Relator apresenta parecer favorável a aprovação de Messias no STF
Segundo documento elaborado pelo senador Weverton Rocha (PDT-MA), o advogado-geral da União cumpre todos os requisitos exigidos pela legislação

O senador Weverton Rocha (PDT-MA) apresentou, nesta terça-feira (14), o relatório com parecer favorável à indicação do advogado-geral da União, Jorge Messias, para uma vaga no STF (Supremo Tribunal Federal).
O documento, de sete páginas, será lido em sessão da CCJ (Comissão de Constituição e Justiça) do Senado nesta quarta-feira (15).
O parecer atesta que toda a documentação apresentada está de acordo com a legislação e que Messias cumpre os requisitos exigidos para assumir do cargo. É um parecer técnico de admissibilidade que ainda será votado na CCJ no dia da sabatina do indicado, prevista para ocorrer no dia 29 de abril.
Em seguida, será dada vista coletiva. No dia 29 de abril deve ser feita a sabatina e, em seu nome sendo aprovado na CCJ, ocorrerá a votação em Plenário, onde são necessários 41 votos para a aprovação.
O nome de Messias foi encaminhado ao Senado pela Presidência da República no dia 1º de abril.
No relatório da CCJ, o senador Weverton apresenta o currículo e a trajetória profissional do indicado, conforme exigido pelo rito constitucional.
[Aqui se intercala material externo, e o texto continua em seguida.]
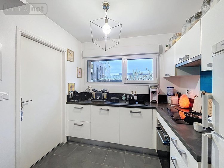 Elle se compose, au rez-de-chaussée, d'une entrée avec placard, un double salon-séjour, une cuisine aménagée et équipée, un cellier et une salle de bains avec w.-c.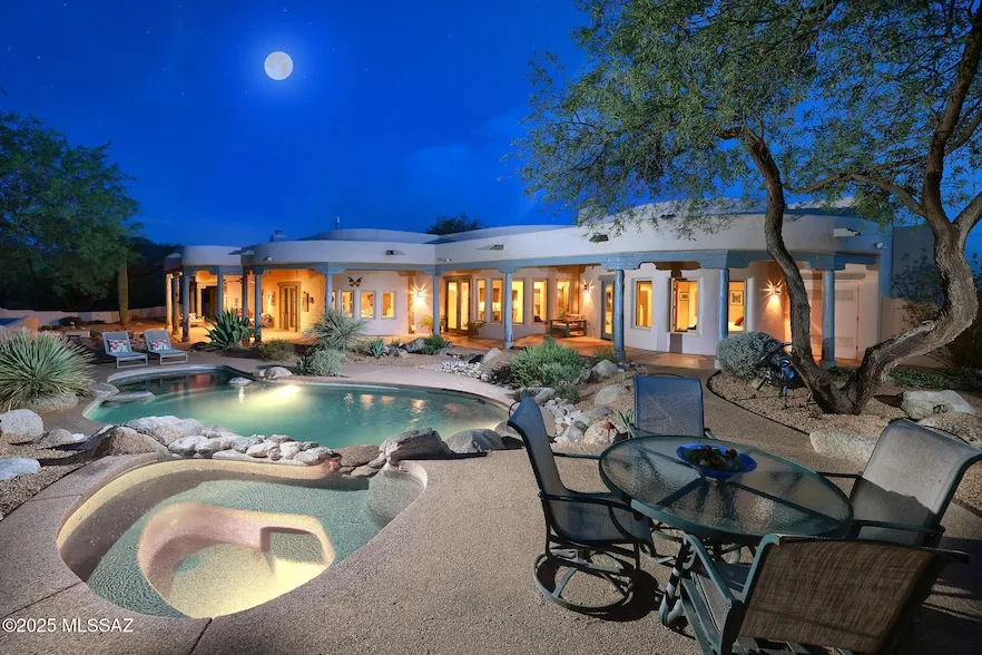 Authentic Ray Birch Home Nestled on 3.35 Acres with Breathtaking Mountain Views. This Spacious 4,205 SqFt Residence Offers 5BD/4BA & Showcases Upscale Santa Fe Charm Throughout; Kiva Fireplaces, unique Viga-Beamed Ceilings, Saltillo Tile & distinctive Saguaro Ribbed Cabinetry. Kitchen Features an Expansive Island with Bar Seating, Gas Cooktop & Panoramic Views from Bay Window. Two Luxurious Primary Suites situated on Opposite Sides of Home ensure Maximum Privacy. Your Private Outdoor Oasis is Complete with Heated Pool/Spa, Built-in BBQ Area, Cozy Kiva Fireplace & Banco Seating. The Garage Includes 2 Storage Rooms plus Heated and Cooled Studio/Workshop. Located in the Prestigious Gated Community of Sunrise Ranch, at the Base of Mt. Lemmon, w/ Hiking Trails just Steps from Your Front Door.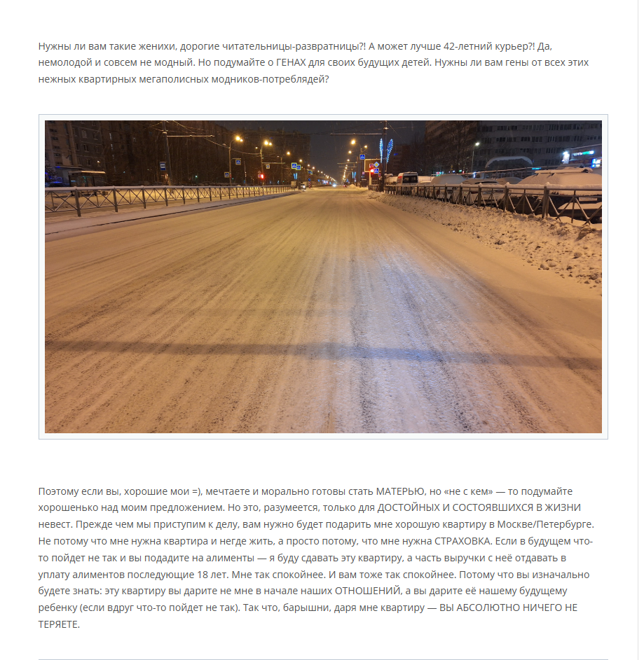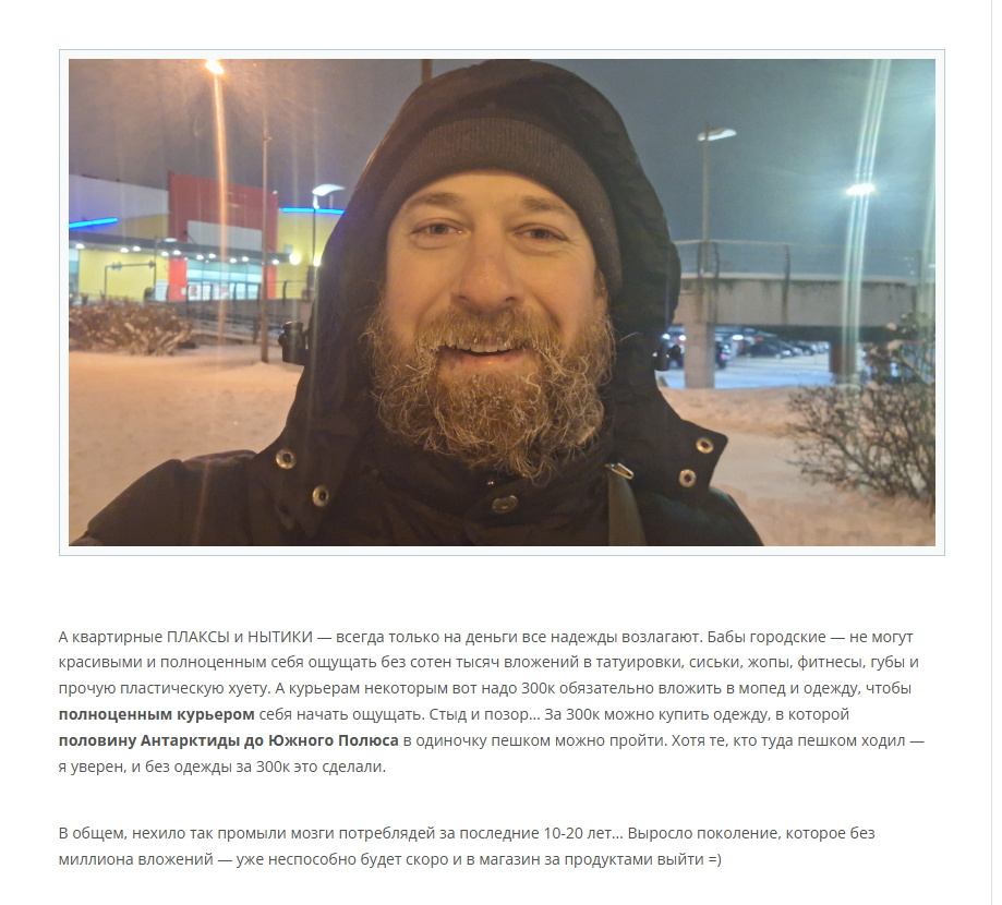 >А квартирные ПЛАКСЫ и НЫТИКИ — всегда только на деньги все надежды возлагают. Бабы городские — не могут красивыми и полноценным себя ощущать без сотен тысяч вложений в татуировки, сиськи, жопы, фитнесы, губы и прочую пластическую хуету. А курьерам некоторым вот надо 300к обязательно вложить в мопед и одежду, чтобы полноценным курьером себя начать ощущать. Стыд и позор… За 300к можно купить одежду, в которой половину Антарктиды до Южного Полюса в одиночку пешком можно пройти. Хотя те, кто туда пешком ходил — я уверен, и без одежды за 300к это сделали.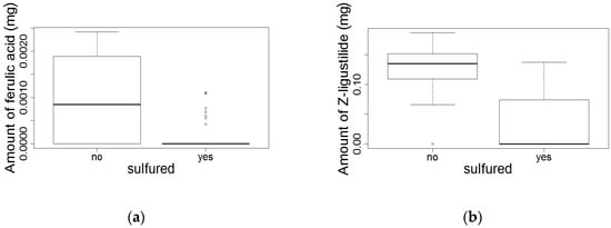 Ferulic acid and Z-ligustilide are significantly reduced in sulfured roots (Tobit regression for ferulic acid: (t (1) = 2.94, p < 0.001; for Z-ligustilide: t (1) = 2.98, p < 0.001; Figure 4; Data S2).

Pela Constituição, a escolha de ministros do STF depende de aprovação da maioria absoluta do Senado, após arguição pública na CCJ e votação secreta em plenário.
Messias é formado em Direito pela UFPE (Universidade Federal de Pernambuco) e possui mestrado e doutorado pela UnB (Universidade de Brasília). Também atuou como professor e possui produção acadêmica relevante, com livros, artigos e participação em eventos jurídicos.
Na carreira pública, ingressou na AGU (Advocacia-Geral da União) em 2006, com passagens como procurador do Banco Central e da Fazenda Nacional. Ocupou cargos no Ministério da Educação, na Casa Civil e no Senado, além de exercer, desde 2023, o posto de advogado-geral da União.
O relatório destaca ainda sua atuação à frente da AGU, com ênfase na política de conciliação e na redução de riscos fiscais. Entre os resultados citados estão acordos judiciais e extrajudiciais relevantes, além da diminuição de despesas com precatórios e litígios envolvendo a União.